[Stored dataset items]
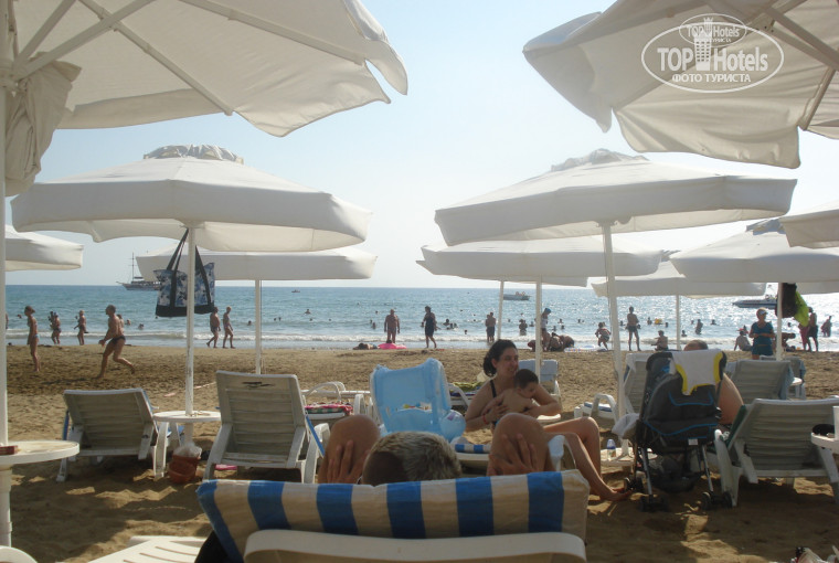 Пляж чистый, песчанный. Вход в море пологий. Мы приходили на море после завтрака около 10 часов и вечером около 16.00. Всегда можно было найти свободные лежаки и мартрасы, иногда приходилось брать матрасы из оставшейся кучи без лямок, а у лежака могла быть сломанна ножка, но нам хватала. Около пляжа находится бара, где всегда можно взять напитки. Там также можно пообедать и в 16.00 получить мороженное.
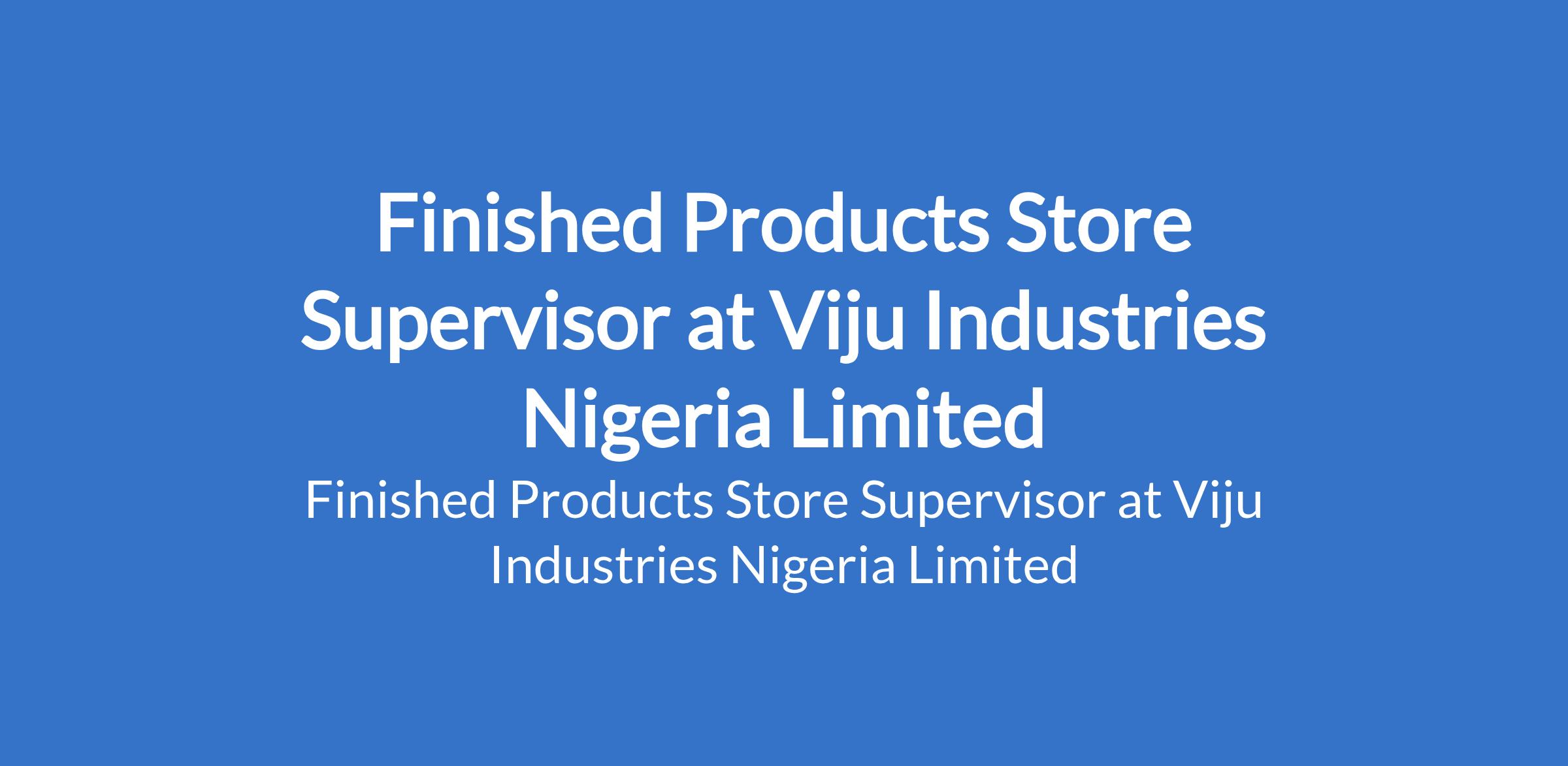 Viju Industries Nigeria Limited is recruiting to fill the position of: Finished Products Store Supervisor. The position is located in Kwali, Abuja (FCT). Salary: N100,000 - N250,000 monthly. Interested candidates should possess relevant qualifications with 3 - 10 years experience.
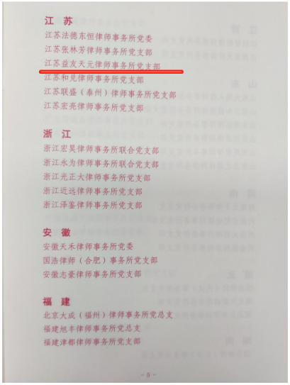 江苏益友天元律师事务所党支部成立于2012年9月,是苏州市律师行业成立较早的党支部,现有中共党员35人,约占事务所苏州总部律师总人数的45%。近年来,支部不断增强政治功能和组织功能,发挥基层战斗堡垒作用,坚持以党建引领所建,引导律师依法依规诚信执业,积极履行社会责任。曾荣获苏州市优秀律师事务所、江苏省律师行业先进基层党组织、全国优秀律师事务所等称号,支部“益知海棠、红满苏城”项目获得江苏省律师行业基层党建工作创新项目奖。
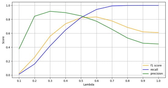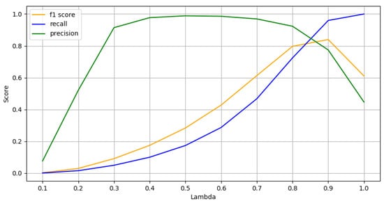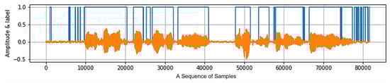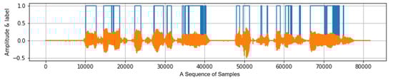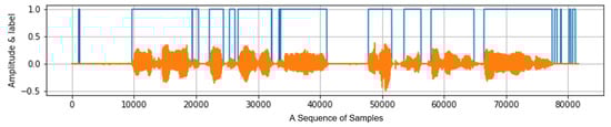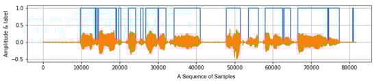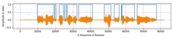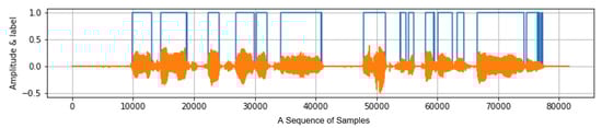 In entropy-based filtering, is also an important parameter affecting the accuracy of the method like in energy-based filtering. Figure 11 shows the recall, precision, and F1 score of entropy-based filtering as is varied from 0.1 to 1.0. We indicate that the most accurate result of entropy-based filtering is observed when is 0.6, where the F1 score is the highest. Figure 12 illustrates the result of entropy-based filtering where the audio signal is presented in orange and the speech segment is in blue.
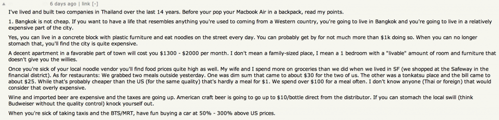 I’m not against negative top comments per se but they should at least be factual. Most commenters confirmed that the top comment here was far from factual and half of it could be contributed to not actually reading my post carefully (e.g. I explicitly mentioned Bangkok as a bad place to live since it’d be too expensive which the commenter seemed to have not read). The second highest comment was factual but was overtaken by the top comment at the end of the day.
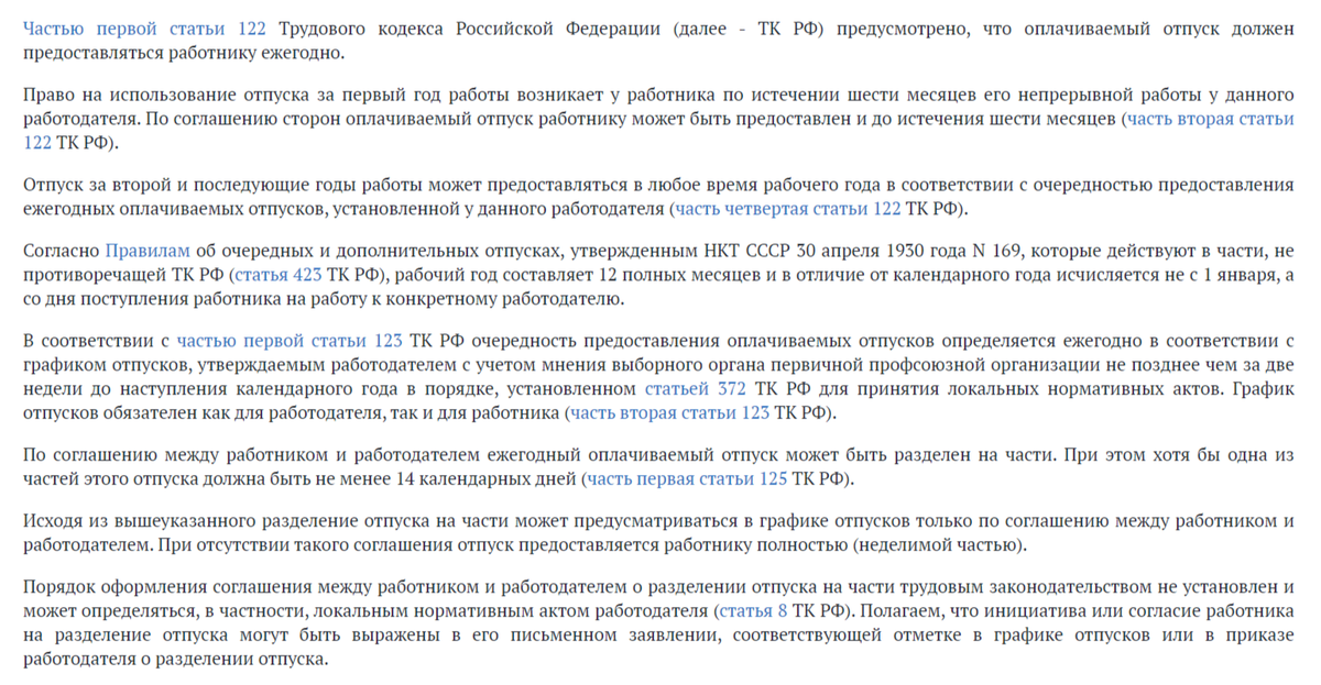 Вопрос: Обязательно ли получение согласия работника на разделение ежегодного отпуска на части при формировании графика отпусков?
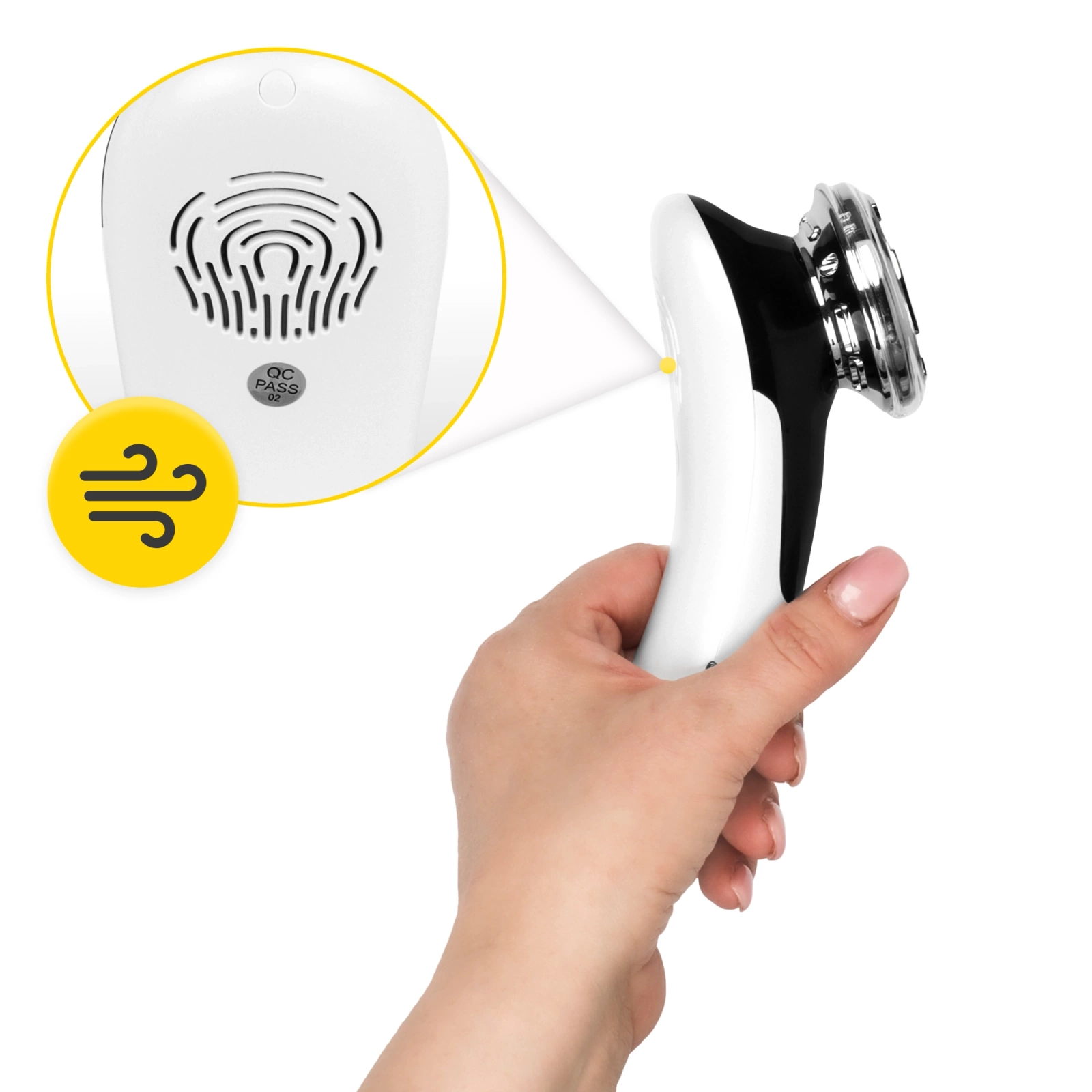 Aparatul de masaj facial 4FIZJO 5-în-1 este o soluție completă pentru persoanele care doresc să aibă grijă de pielea lor fără a fi nevoie să cheltuiască sume mari la un salon de înfrumusețare. Dispozitivul oferă 5 moduri de îngrijire care, împreună, formează o rutină completă – de la curățare și răcire, la hidratare, până la lifting EMS și stimularea sintezei de colagen.
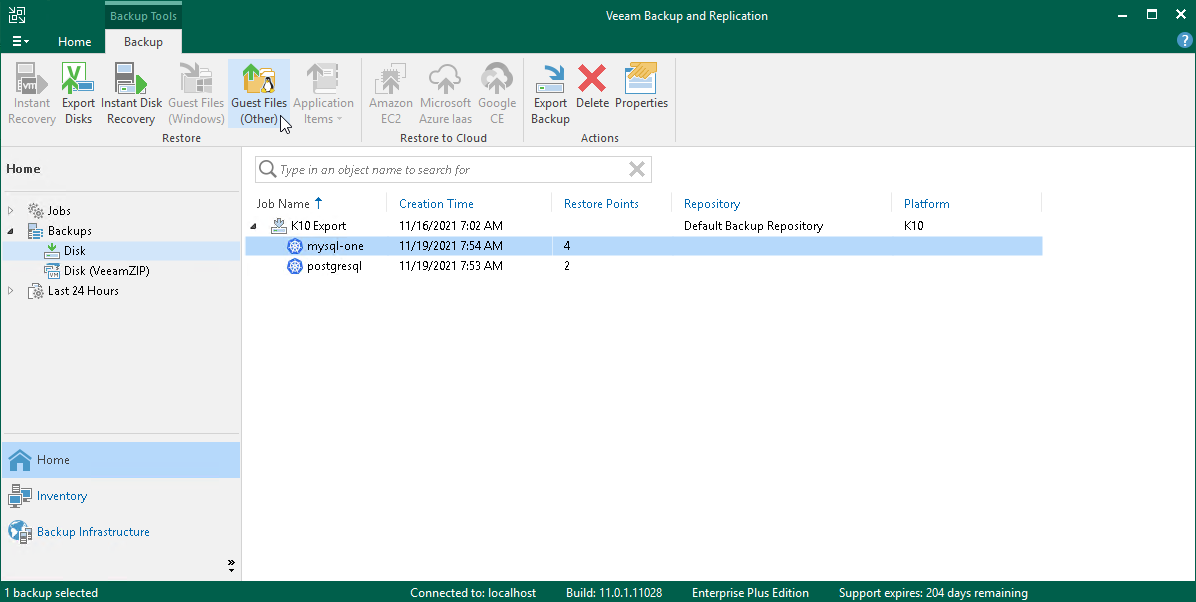- Launch and complete the Guest File Restore wizard. To do that, open the Home view and navigate to Backups > Disk. In the working area, select an application whose files you want to restore. On the ribbon, click Guest Files (Other). Alternatively, right-click the application and select Restore guest files.
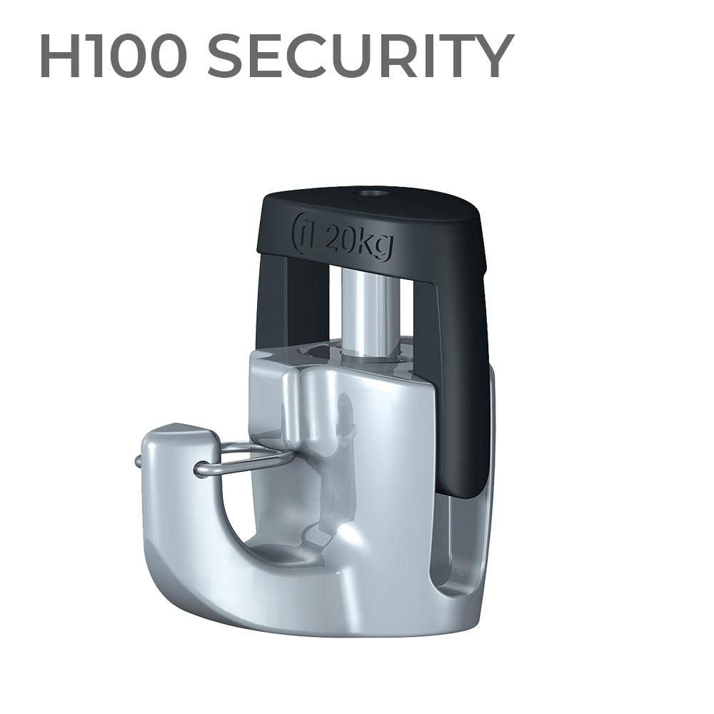Meet the H100 Security Hook, your ultimate partner for displaying art with confidence. This cutting-edge auto grip hook features a self-clamping mechanism that ensures a secure hold for your beloved artworks and frames. The additional spring clip protects the frame from accidental unhooking and enhances theft deterrence. Designed to work flawlessly with 2mm perlon cords and steel wires, this innovative hook increases clamping force for heavier loads, making it perfect for pieces weighing up to 20 kg. For larger displays exceeding 24 inches (60cm), we recommend using two cords and two hooks, effectively boosting the maximum load capacity to an impressive 40 kg.
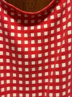 Bright red gingham dress with a tiered skirt for playful movement. Lightweight, breathable fabric for everyday comfort. Long elasticized sleeves for easy wear and a relaxed fit. Classic red and white check pattern perfect for casual outings and events.

▶ _Work order_
Pictures stay out; the records above are otherwise reproduced exactly.

▶ _Answer section_
 Пляж чистый, песчанный. Вход в море пологий. Мы приходили на море после завтрака около 10 часов и вечером около 16.00. Всегда можно было найти свободные лежаки и мартрасы, иногда приходилось брать матрасы из оставшейся кучи без лямок, а у лежака могла быть сломанна ножка, но нам хватала. Около пляжа находится бара, где всегда можно взять напитки. Там также можно пообедать и в 16.00 получить мороженное.
 Viju Industries Nigeria Limited is recruiting to fill the position of: Finished Products Store Supervisor. The position is located in Kwali, Abuja (FCT). Salary: N100,000 - N250,000 monthly. Interested candidates should possess relevant qualifications with 3 - 10 years experience.
 江苏益友天元律师事务所党支部成立于2012年9月,是苏州市律师行业成立较早的党支部,现有中共党员35人,约占事务所苏州总部律师总人数的45%。近年来,支部不断增强政治功能和组织功能,发挥基层战斗堡垒作用,坚持以党建引领所建,引导律师依法依规诚信执业,积极履行社会责任。曾荣获苏州市优秀律师事务所、江苏省律师行业先进基层党组织、全国优秀律师事务所等称号,支部“益知海棠、红满苏城”项目获得江苏省律师行业基层党建工作创新项目奖。
 In entropy-based filtering, is also an important parameter affecting the accuracy of the method like in energy-based filtering. Figure 11 shows the recall, precision, and F1 score of entropy-based filtering as is varied from 0.1 to 1.0. We indicate that the most accurate result of entropy-based filtering is observed when is 0.6, where the F1 score is the highest. Figure 12 illustrates the result of entropy-based filtering where the audio signal is presented in orange and the speech segment is in blue.
 I’m not against negative top comments per se but they should at least be factual. Most commenters confirmed that the top comment here was far from factual and half of it could be contributed to not actually reading my post carefully (e.g. I explicitly mentioned Bangkok as a bad place to live since it’d be too expensive which the commenter seemed to have not read). The second highest comment was factual but was overtaken by the top comment at the end of the day.
 Вопрос: Обязательно ли получение согласия работника на разделение ежегодного отпуска на части при формировании графика отпусков?
 Aparatul de masaj facial 4FIZJO 5-în-1 este o soluție completă pentru persoanele care doresc să aibă grijă de pielea lor fără a fi nevoie să cheltuiască sume mari la un salon de înfrumusețare. Dispozitivul oferă 5 moduri de îngrijire care, împreună, formează o rutină completă – de la curățare și răcire, la hidratare, până la lifting EMS și stimularea sintezei de colagen.
- Launch and complete the Guest File Restore wizard. To do that, open the Home view and navigate to Backups > Disk. In the working area, select an application whose files you want to restore. On the ribbon, click Guest Files (Other). Alternatively, right-click the application and select Restore guest files.
Meet the H100 Security Hook, your ultimate partner for displaying art with confidence. This cutting-edge auto grip hook features a self-clamping mechanism that ensures a secure hold for your beloved artworks and frames. The additional spring clip protects the frame from accidental unhooking and enhances theft deterrence. Designed to work flawlessly with 2mm perlon cords and steel wires, this innovative hook increases clamping force for heavier loads, making it perfect for pieces weighing up to 20 kg. For larger displays exceeding 24 inches (60cm), we recommend using two cords and two hooks, effectively boosting the maximum load capacity to an impressive 40 kg.
 Bright red gingham dress with a tiered skirt for playful movement. Lightweight, breathable fabric for everyday comfort. Long elasticized sleeves for easy wear and a relaxed fit. Classic red and white check pattern perfect for casual outings and events.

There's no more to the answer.